What you should do
If a record below holds a picture, leave the picture out and copy the rest exactly.

Items listed in a dataset:
BEGIN

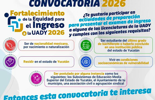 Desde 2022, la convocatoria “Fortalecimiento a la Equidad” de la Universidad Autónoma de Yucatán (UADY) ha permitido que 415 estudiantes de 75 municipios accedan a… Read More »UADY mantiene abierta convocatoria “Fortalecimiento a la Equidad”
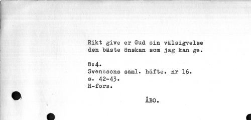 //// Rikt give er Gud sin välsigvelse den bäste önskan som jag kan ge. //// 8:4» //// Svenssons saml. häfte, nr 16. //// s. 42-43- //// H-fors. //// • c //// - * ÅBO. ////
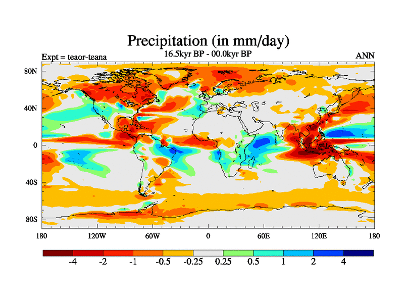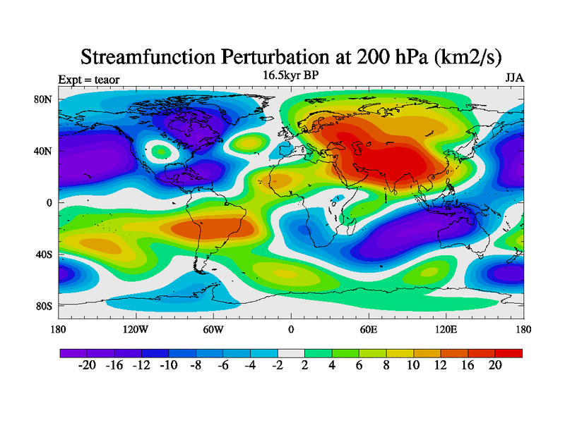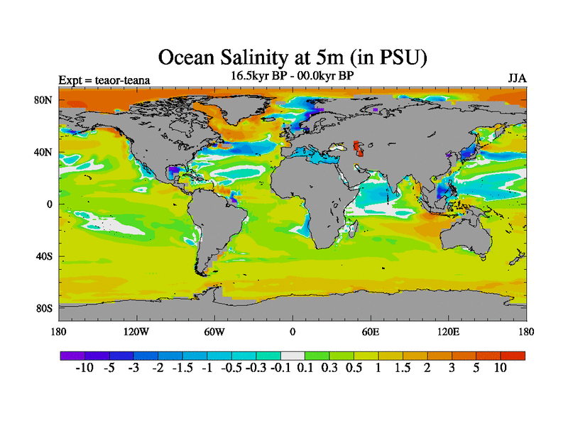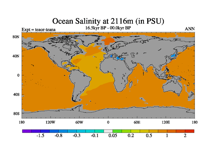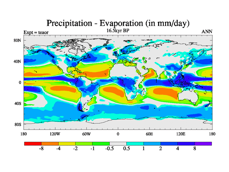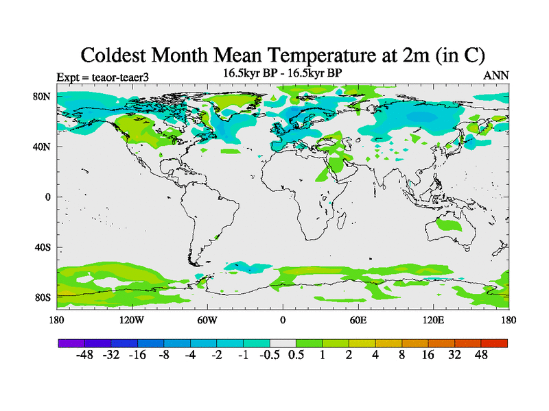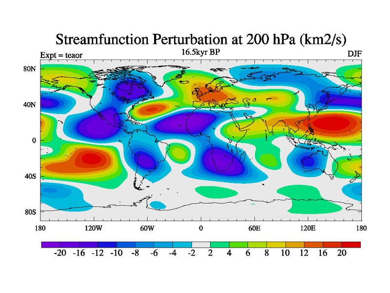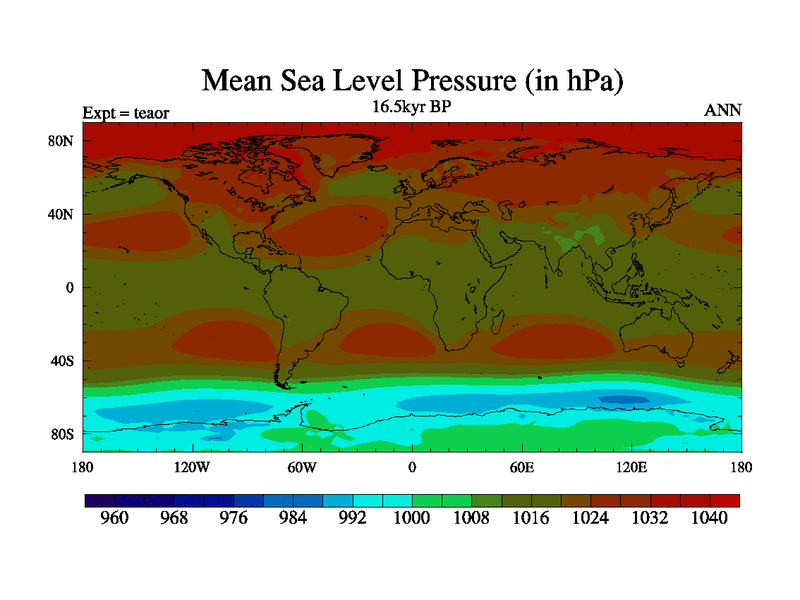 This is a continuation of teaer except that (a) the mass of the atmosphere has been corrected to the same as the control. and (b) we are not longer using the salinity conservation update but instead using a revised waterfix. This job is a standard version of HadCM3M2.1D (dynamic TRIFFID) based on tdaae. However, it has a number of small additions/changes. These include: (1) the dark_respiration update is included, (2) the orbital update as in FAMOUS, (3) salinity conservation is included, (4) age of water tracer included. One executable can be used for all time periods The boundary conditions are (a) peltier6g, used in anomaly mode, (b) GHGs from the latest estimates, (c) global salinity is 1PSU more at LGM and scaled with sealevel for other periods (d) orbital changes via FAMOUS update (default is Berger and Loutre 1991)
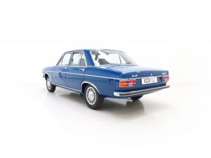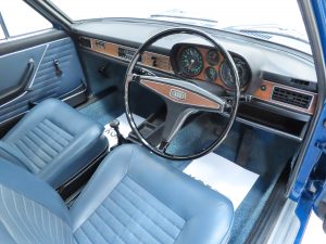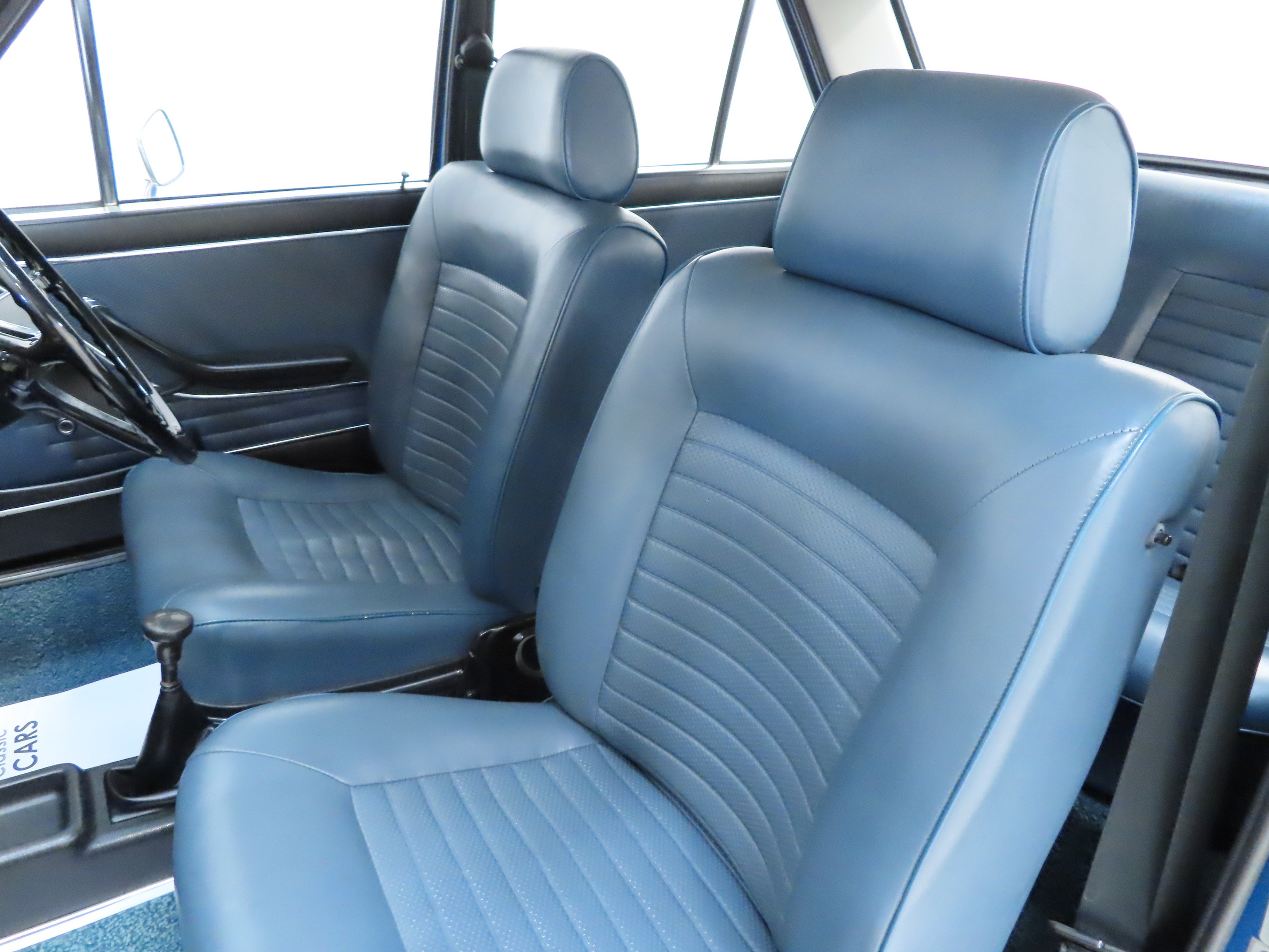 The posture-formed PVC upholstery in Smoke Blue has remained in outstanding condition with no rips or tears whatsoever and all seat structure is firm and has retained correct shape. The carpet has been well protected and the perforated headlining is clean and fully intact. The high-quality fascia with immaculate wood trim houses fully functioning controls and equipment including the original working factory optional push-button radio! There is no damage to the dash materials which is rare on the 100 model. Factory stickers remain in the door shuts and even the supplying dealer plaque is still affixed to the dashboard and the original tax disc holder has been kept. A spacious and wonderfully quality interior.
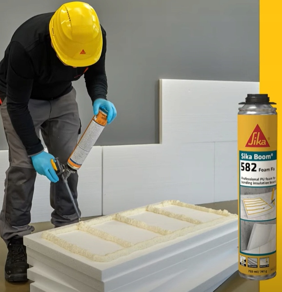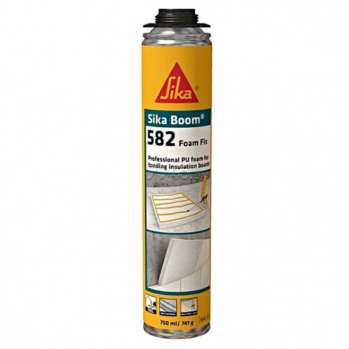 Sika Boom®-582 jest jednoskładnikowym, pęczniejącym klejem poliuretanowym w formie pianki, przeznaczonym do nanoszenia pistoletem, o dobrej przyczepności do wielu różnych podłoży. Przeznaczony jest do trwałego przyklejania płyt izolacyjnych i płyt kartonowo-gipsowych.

END

Answer for this exercise
 Desde 2022, la convocatoria “Fortalecimiento a la Equidad” de la Universidad Autónoma de Yucatán (UADY) ha permitido que 415 estudiantes de 75 municipios accedan a… Read More »UADY mantiene abierta convocatoria “Fortalecimiento a la Equidad”
 //// Rikt give er Gud sin välsigvelse den bäste önskan som jag kan ge. //// 8:4» //// Svenssons saml. häfte, nr 16. //// s. 42-43- //// H-fors. //// • c //// - * ÅBO. ////
 This is a continuation of teaer except that (a) the mass of the atmosphere has been corrected to the same as the control. and (b) we are not longer using the salinity conservation update but instead using a revised waterfix. This job is a standard version of HadCM3M2.1D (dynamic TRIFFID) based on tdaae. However, it has a number of small additions/changes. These include: (1) the dark_respiration update is included, (2) the orbital update as in FAMOUS, (3) salinity conservation is included, (4) age of water tracer included. One executable can be used for all time periods The boundary conditions are (a) peltier6g, used in anomaly mode, (b) GHGs from the latest estimates, (c) global salinity is 1PSU more at LGM and scaled with sealevel for other periods (d) orbital changes via FAMOUS update (default is Berger and Loutre 1991)
 The posture-formed PVC upholstery in Smoke Blue has remained in outstanding condition with no rips or tears whatsoever and all seat structure is firm and has retained correct shape. The carpet has been well protected and the perforated headlining is clean and fully intact. The high-quality fascia with immaculate wood trim houses fully functioning controls and equipment including the original working factory optional push-button radio! There is no damage to the dash materials which is rare on the 100 model. Factory stickers remain in the door shuts and even the supplying dealer plaque is still affixed to the dashboard and the original tax disc holder has been kept. A spacious and wonderfully quality interior.
 Sika Boom®-582 jest jednoskładnikowym, pęczniejącym klejem poliuretanowym w formie pianki, przeznaczonym do nanoszenia pistoletem, o dobrej przyczepności do wielu różnych podłoży. Przeznaczony jest do trwałego przyklejania płyt izolacyjnych i płyt kartonowo-gipsowych.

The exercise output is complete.